I’m starting to get a little ancy about the land. One of the magazines I read ten times yesterday was a Popular Science, and all of the tiny ads in the back half is all of the stuff I wish I could teleport down there: plows, tillers, steel buildings, log cabin kits, well drilling machines, the magic “make your lawn look like a golf course” grass plugs. I don’t know how many trees or bags of gravel will fit in the back of the Subaru, or if I can get one of those Farm and Fleet 8x10 metal sheds in there, but I want to try. It’s also good to have a Denver address, because if I ordered some plants or whatever, I could have them shipped here, and then drive them down. You can’t do that in your carryon on a NY->CO flight. (My land does not have a street address, and even if UPS or RHL or whatever would drive near there, I would get a bunch of baby trees dropped off and not find out about it for months.)

As an aside, Popular Science is the biggest piece of shit this side of Fader magazine. It’s filled with stuff that doesn’t exist, but makes it sound like by the time you get to your car and drive to the store, it will be waiting for you. But of course, it never will. They have this ha-ha funny thing on the last page that shows covers and articles of the magazine from years ago, so you can get a laugh out of the mag saying in 1967 how everyone will have a jetpack and a robot butler by 1974. Well you don’t have to do much math to determine that the 200 mph hybrid hydrogen car on the cover of this issue is going to look like a huge joke five years from now, let alone 25. I also hate their “how-to” section, which on the cover says something like “Make your car controlled by a computer! Instructions on p.78!” So I’m expecting actual step-by-step instructions on how to do this.
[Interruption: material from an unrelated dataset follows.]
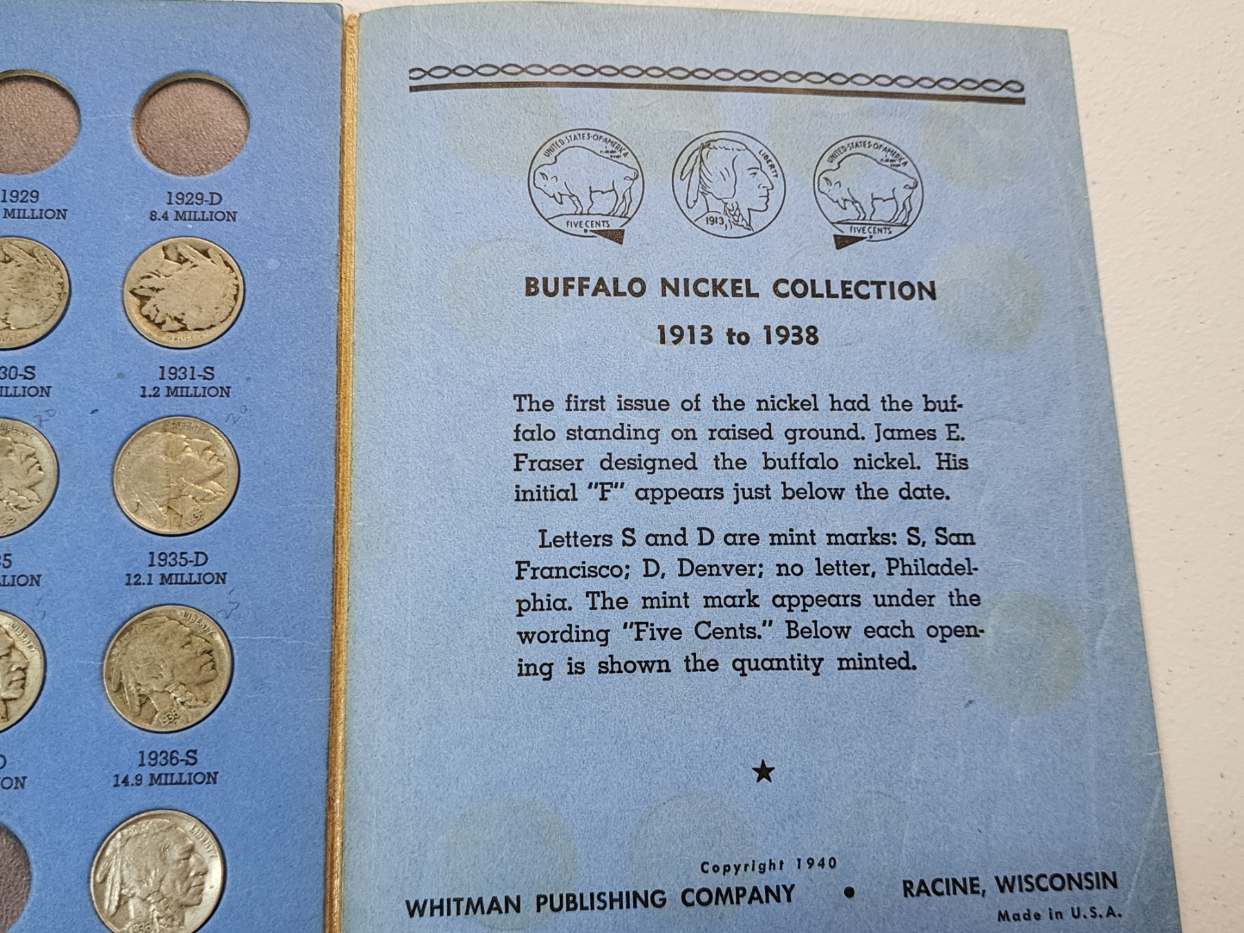 Buffalo Nickel Collection Book (Incomplete) FV: $0.90

And when you turn to page 78, and step one is “go online and buy this computer kit for $2700.”

So why do I subscribe? I bought a bunch of subscriptions for my nephew’s school PTA. It was either Popular Science or Elle. Sarah was smarter: she bought a bunch of food and told my nephew to keep it. Another tip: if you ever do subscribe to Popular Science, give them a fake email address. Or give them president@whitehouse.gov. Because you will never, ever get off of their spam list.

I thought today would be the perfect day to go to a baseball game, but the Rockies are coming back from Shea, so no game today, and Friday and Saturday are night games. I’m really itching for a good day game so I can go get $4 bleacher seats and work on a nice sunburn. We have tickets for the Yankees game on 6/19, and it’s funny how heavily they push those three games. I don’t expect much of a game there, but it is commemorative desk item night, as if my desk doesn’t already have enough shit on it.